When it comes to football, Patriots coach Bill Belichick is a certified genius. This son of a football coach has built a reputation for developing inventive approaches on both offense and defense.
Former Chiefs defensive end Eric Hicks played five games against the Patriots, and he's come away with great respect for the job Belichick does.
"He puts together great game plans," the 10-year NFL veteran said on a recent visit to KCTV5. "He does a great job of finding your weaknesses and attacking them."
KCTV5 analyst Jayice Pearson spent eight years in the NFL, and has broadcasted NFL and college football games for ESPN, FOX Sports and the Big Ten Network since his NFL retirement. He says he's never seen anything like the way the Patriots treated him and his broadcast team when they went to New England to televise a game.
"The whole atmosphere was completely different. I mean, you come in and everything is locked down!" Pearson said, shaking his head. "They sneak you in the back door. We didn't even go in the front door!"
You would think that meeting with network broadcasters is some sort of strange event, but it happens every week at every level- including all 32 NFL teams. But, it gets even weirder.
"They put us in a little room and we had a couch set up for Belichick to do the interview. The first thing he did when he walked in was move the couch back about 15 feet, to back away from us."
Pearson still can't believe the way the coach acted.
"Everything was just real guarded with him."
Scot Piolli brought many of the same attitudes with him from New England when he took over as Chiefs general manager. Unfortunately, (or fortunately) it didn't add up to successs in KC.
For Pearson, that approach makes for good football, but a weird place to work.
"I think he's a great coach, a fantastic coach," he said, "But that facility is all business. There was no music playing, guys were not laughing or joking."
Over the years, people have questioned whether his succes is th result of Belichick's approach or the fact that he has a future hall of famer at quarterback. The fact is that Belichick has won all of his championships with Tom Brady at QB. Would he have been as successful if he'd had Drew Bledsoe or Matt Cassel under center?
One thing that nobody can question: over the past 16 years, no head coach has been more successful than the man some call "Belicheat."
Chiefs coach Andy Reid has faced Belichick seven times, six while he was coaching Philadelphia, and last year with the Chiefs. He was 2-4 with the Eagles (including the 2005 Super Bowl) and 1-0 with the Chiefs (last season's 41-14 blow out).
Their games feature the offensive mind of Reid versus the defensive genius of Belichick.
For his part, Reid calls the Pats head man "A friend," and he refused to criticize Belichick when information surfaced suggesting that the Pats might have cheated when they faced the Eagles in that Super Bowl game.

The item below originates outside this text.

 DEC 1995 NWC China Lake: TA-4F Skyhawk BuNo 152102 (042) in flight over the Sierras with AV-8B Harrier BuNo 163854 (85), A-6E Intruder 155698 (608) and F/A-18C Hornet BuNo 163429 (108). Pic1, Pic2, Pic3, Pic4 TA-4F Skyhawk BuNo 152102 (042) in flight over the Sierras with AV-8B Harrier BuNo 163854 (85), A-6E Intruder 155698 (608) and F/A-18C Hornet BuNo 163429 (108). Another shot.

On several occasions, I asked former Patriot player Mike Vrabel about coach Belichick.
"Bill's a pro," the former Pats and Chiefs linebacker told me. "He draws up a game plan, and he explains exactly what he wants each player to do. There's never any gray area. There are certain things he demands from his players, and you know what's expected from you. There's very little 'free-lancing' when you play for him on defense."

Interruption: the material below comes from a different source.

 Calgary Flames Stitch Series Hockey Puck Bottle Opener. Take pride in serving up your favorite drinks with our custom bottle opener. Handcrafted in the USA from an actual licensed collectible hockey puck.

When I asked about what Belichick was like personally, Vrabel shot me down.
"We were there to play football. That's what I we were focused on."
If you've ever talked to Mike Vrabel, you know not to pursue a subject he's not interested in talking about.
I've had an opportunity to ask Belichick questions at post game press conferences (in 2002 and 2005), but he was one of the few coaches who would not meet with the media during the NFL Combine. I was really looking forward to seeing him when he was more relaxed (if that's possible).
Belichick has never been afraid to take a unique approach. He hired one of his oldest friends and assigned him to breaking down game film.
While the other coaches were meeting and working with the players, this "film specialist" was looking for the secrets that would help Belichick put together his game plan.
When I've been in KSU coach Bill Snyder's office over the years, the most prominent feature has been the huge piles of game tapes all over the place.
"That's how I spent my summer," he said when I asked him about the tapes.
I've often thought that Coach Snyder would have been another Belichick had he chosen to pursue NFL coaching.
They both are incredibly smart game planners, who leave no stone unturned in an effort to succeed.
The biggest difference is obvious: Bill Belichick is all about winning. He isn't paid to graduate players or lead young men to a better life.
Belichick is like a shark, he does one thing, but he does it very, very well.
Let's hope he doesn't do quite a good a job this Saturday.